◆ **RECORDED DATA**:
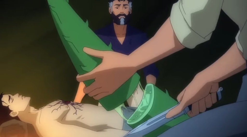 Mae Whitman has a sizable body of work in TV and voice acting and while Annie could have been something of an annoyance, the actress never lets us forget that living on this island of killer things is all she’s ever known and her cavalier attitude comes from the fact that she’s been Tarzan-ing this shit since her father was killed after their ship ran aground many years prior. Also nailing their role and putting in some impressive heavy lifting for a Netflix animated show is Betty Gilpin who goes all out in literally giving Irene a distinctive voice be it some emotional outpouring at the anguish of having already buried her daughter to dropping some typical, Brian Duffield one liners to punctuate the mood. Finally, and this might cause a little bit of contention, but I have to say that despite the fact that Charlie is something of a Marmite character, what with his constant shrieking and panicked disposition (if he was a live action character, he’d be constantly drenched in sweat), Nicholas Cantu certainly hasn’t phoned in his performance as he genuinely sounds like he’s having an actual nervous breakdown within the recording booth. Is the character grating? Sure, but you have to give credit where credit is due, thecdude’s definitely not just cashing his check and going home.
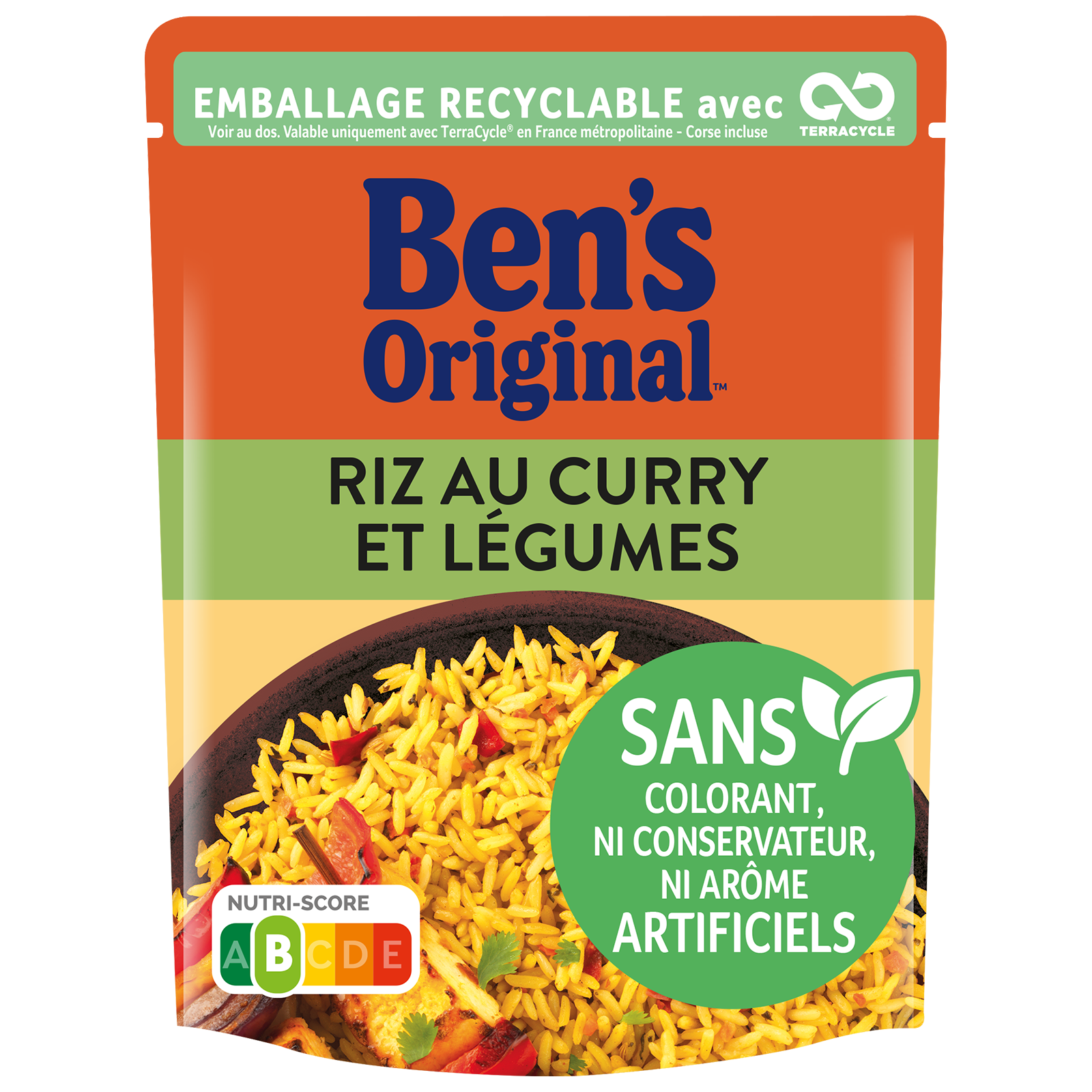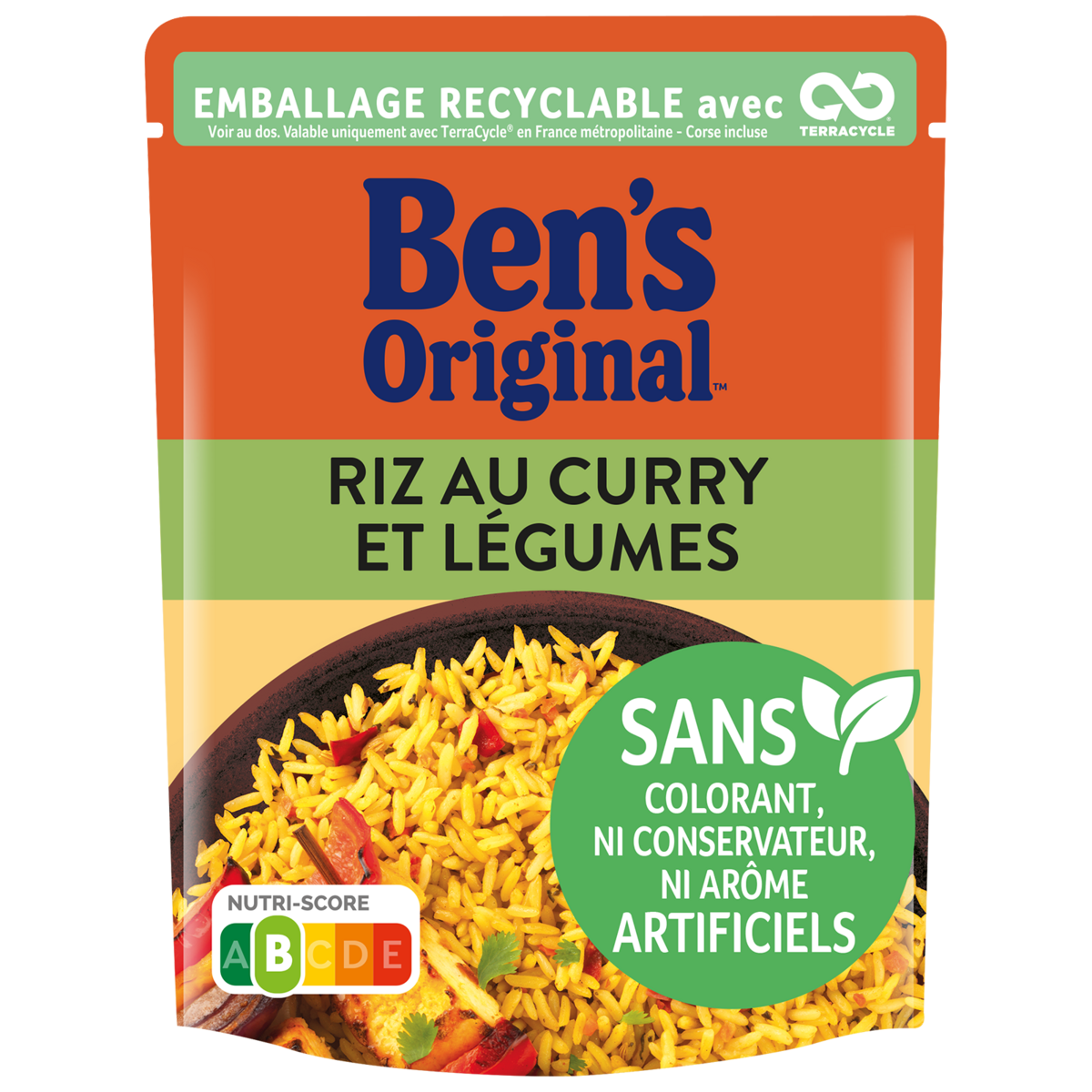 Le riz au Curry et Légumes BEN'S ORIGINAL’s ™ est un riz long grain lentement précuit à la vapeur cuisiné avec des carottes, des épinards et un mélange d’épices indiennes. Donnez à votre plat une touche orientale ! Savoureux, inratable et rapide à préparer en 2 minutes, en micro-ondes ou à la poêle. Il est sans colorant, ni conservateur, ni arôme artificiels. Nutriscore B Note Yuka : 75/100
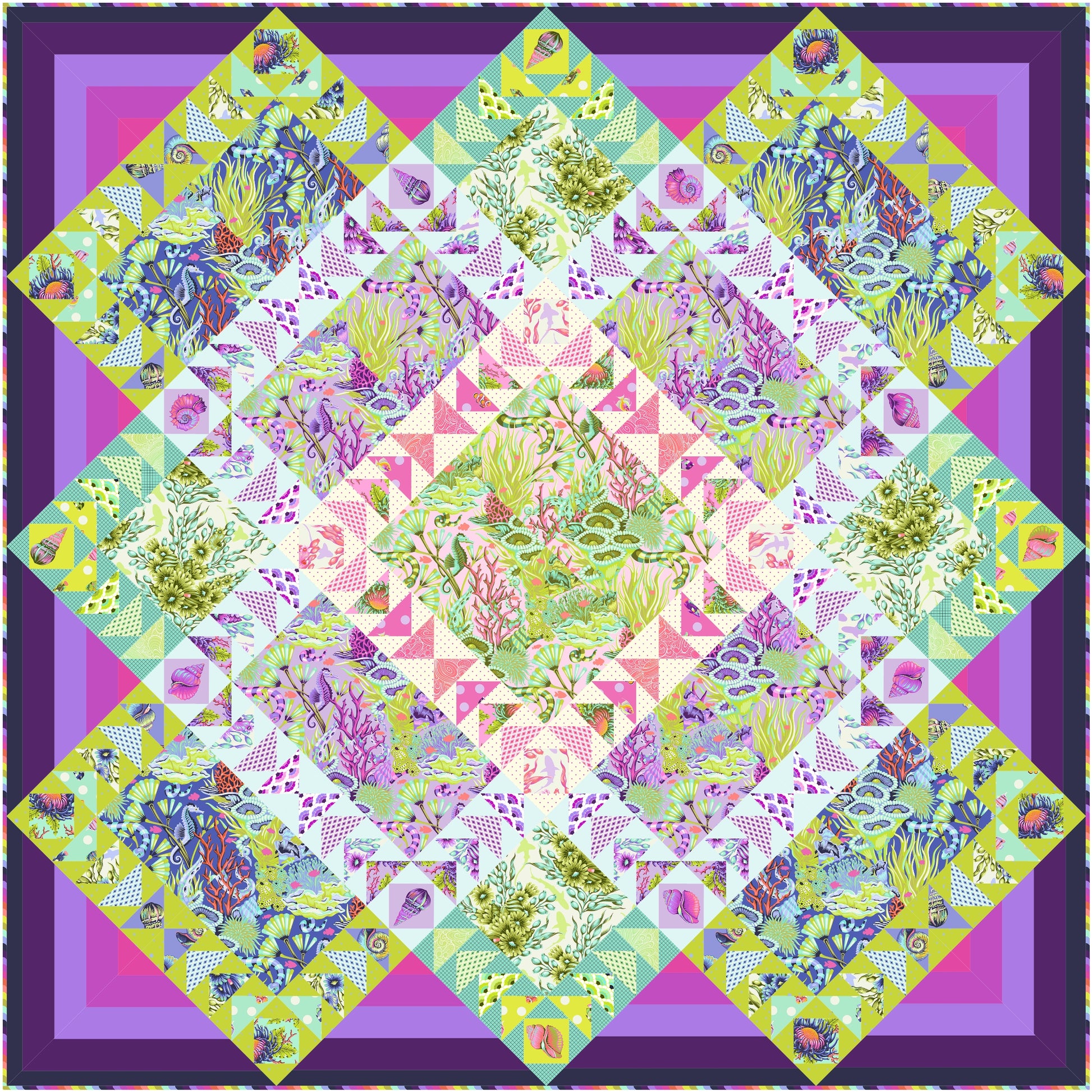 The bold medallion-style design, framed by vibrant borders, highlights the movement and depth of the ocean—perfect for quilters who love precision piecing and dynamic layouts. Whether displayed as a showpiece or gifted as a treasure, this quilt is destined to make a splash.
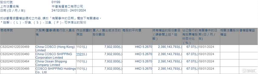 互聯(lián)網(wǎng)1月24日丨根據(jù)聯(lián)交所最新權(quán)益披露資料顯示,2024年1月18日,中遠(yuǎn)海運(yùn)港口(01199.HK)獲中遠(yuǎn)??卦趫鰞?nèi)以每股均價(jià)5.267港元增持793.2萬股,涉資約4177.78萬港元。

◆ **TASK DESCRIPTION**: Would you print the material exactly once more, without any of its pictures?

◆ **PROBLEM SOLUTION**:
 Mae Whitman has a sizable body of work in TV and voice acting and while Annie could have been something of an annoyance, the actress never lets us forget that living on this island of killer things is all she’s ever known and her cavalier attitude comes from the fact that she’s been Tarzan-ing this shit since her father was killed after their ship ran aground many years prior. Also nailing their role and putting in some impressive heavy lifting for a Netflix animated show is Betty Gilpin who goes all out in literally giving Irene a distinctive voice be it some emotional outpouring at the anguish of having already buried her daughter to dropping some typical, Brian Duffield one liners to punctuate the mood. Finally, and this might cause a little bit of contention, but I have to say that despite the fact that Charlie is something of a Marmite character, what with his constant shrieking and panicked disposition (if he was a live action character, he’d be constantly drenched in sweat), Nicholas Cantu certainly hasn’t phoned in his performance as he genuinely sounds like he’s having an actual nervous breakdown within the recording booth. Is the character grating? Sure, but you have to give credit where credit is due, thecdude’s definitely not just cashing his check and going home.
 Le riz au Curry et Légumes BEN'S ORIGINAL’s ™ est un riz long grain lentement précuit à la vapeur cuisiné avec des carottes, des épinards et un mélange d’épices indiennes. Donnez à votre plat une touche orientale ! Savoureux, inratable et rapide à préparer en 2 minutes, en micro-ondes ou à la poêle. Il est sans colorant, ni conservateur, ni arôme artificiels. Nutriscore B Note Yuka : 75/100
 The bold medallion-style design, framed by vibrant borders, highlights the movement and depth of the ocean—perfect for quilters who love precision piecing and dynamic layouts. Whether displayed as a showpiece or gifted as a treasure, this quilt is destined to make a splash.
 互聯(lián)網(wǎng)1月24日丨根據(jù)聯(lián)交所最新權(quán)益披露資料顯示,2024年1月18日,中遠(yuǎn)海運(yùn)港口(01199.HK)獲中遠(yuǎn)??卦趫鰞?nèi)以每股均價(jià)5.267港元增持793.2萬股,涉資約4177.78萬港元。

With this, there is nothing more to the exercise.